The fourth in a series of thrillers featuring criminal psychologist Sebastian Bergman, The Silent Girl sees Sweden’s national police homicide unit Riksmord drafted in to help solve the horrific murder of a family in Torsby, northern Värmland.
Faced with a family of four shot in broad daylight and no credible suspects, Riksmord and Bergman are at a dead end, until they learn there was a fifth person at the house that day – a young girl who witnesses the murders and has fled the scene in fear for her life. Finding the girl becomes the top priority as she may be the key to solving the crime, but the killer is still out there, and he’s determined to track her down for himself first to finish what he started.
“The only thing she could hear was her own breathing. The silence was so complete that she might as well have been deaf. If she went blind and deaf in here, she wouldn’t even notice. But the darkness and the silence suited her. No one would find her.”
When it comes to the novel’s plotting, The Silent Girl is content to take it slow, building up the scene gradually and effectively until 100 pages have gone by before the detectives learn of the existence of the girl the readers are told about within the first two pages, not to mention the title. What’s presented as a race against time to find this girl and solve a murder then is actually so much more; this is a police procedural through and through, with all the false starts, misleads and investigation twists and turns you’d expect – and the girl of the title just happens to be one of them.
The characters are also strong but flawed three-dimensional players that lead you through the thrilling storyline with ease, with Hjorth & Rosenfeldt transitioning seamlessly between Riksmord’s core group to cover every aspect of the investigation from all angles and tease out revelations piece by gripping piece. The fact that three books have come before this one as well doesn’t take away from any of the drama or enjoyment. Yes, it may take a couple of flicks back to the character list to remember who’s who and where they stand in relation to everyone else, but it does click if you stick with it and it’s worth it if you do.
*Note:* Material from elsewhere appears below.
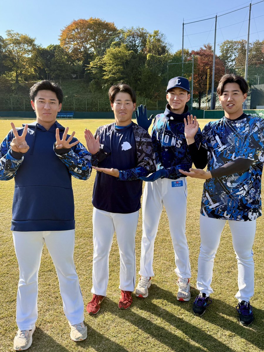 今日誕生日の #上田大河 投手をお祝いする投手陣! …のはずが、「24」ポーズをしているのはなぜか #杉山遙希 投手🤣   #川下将勲 投手、#黒田将矢 投手も一緒に、にぎやかな1枚をお届けします!   #埼玉西武ライオンズ #seibulions #所沢秋季キャンプ pic.x.com/j3lZk8IPGk
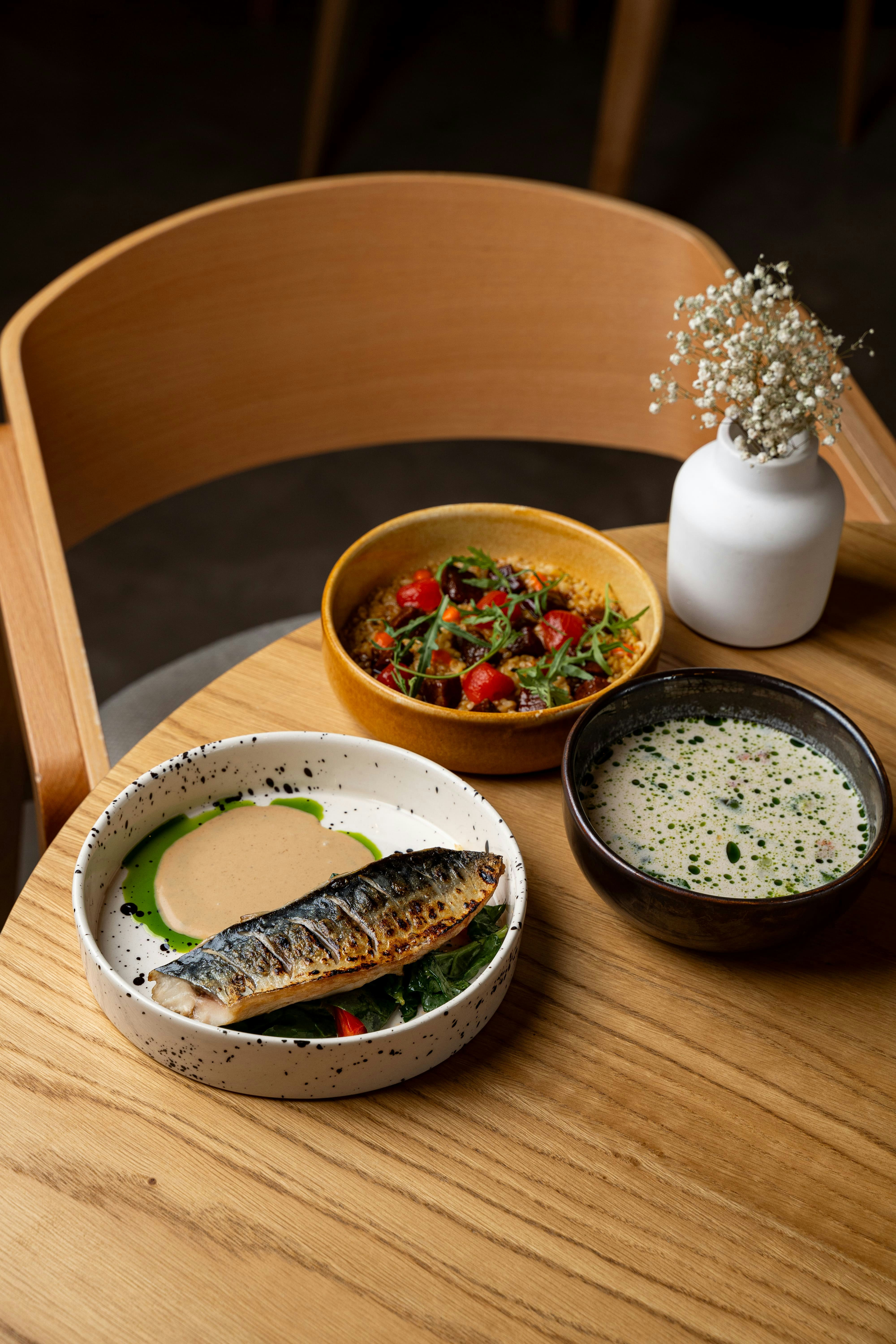 Шпинат, помидоры черри, макрель, соус Берблан (лук репчатый, чеснок, малиновый уксус, сливки, соус рыбный), рыбный бульон, лук зеленый, чеснок, тимьян, белое вино, уксус винный, фенхель

The Silent Girl is a compelling thriller, featuring realistic and empathetic characters and a mystery that draws you in. The silent girl herself, Nicole, is a small part of a big game, every piece of which has been carefully crafted and developed with the same care and attention given to big TV dramas.
The action in this novel can stall in places as the novel delves into characters’ thoughts and backstories and spends a beat too long on the detectives’ and the murderers’ inner reflections, but overall The Silent Girl is a quick-paced, well-crafted thriller that delivers what it promises and so much more.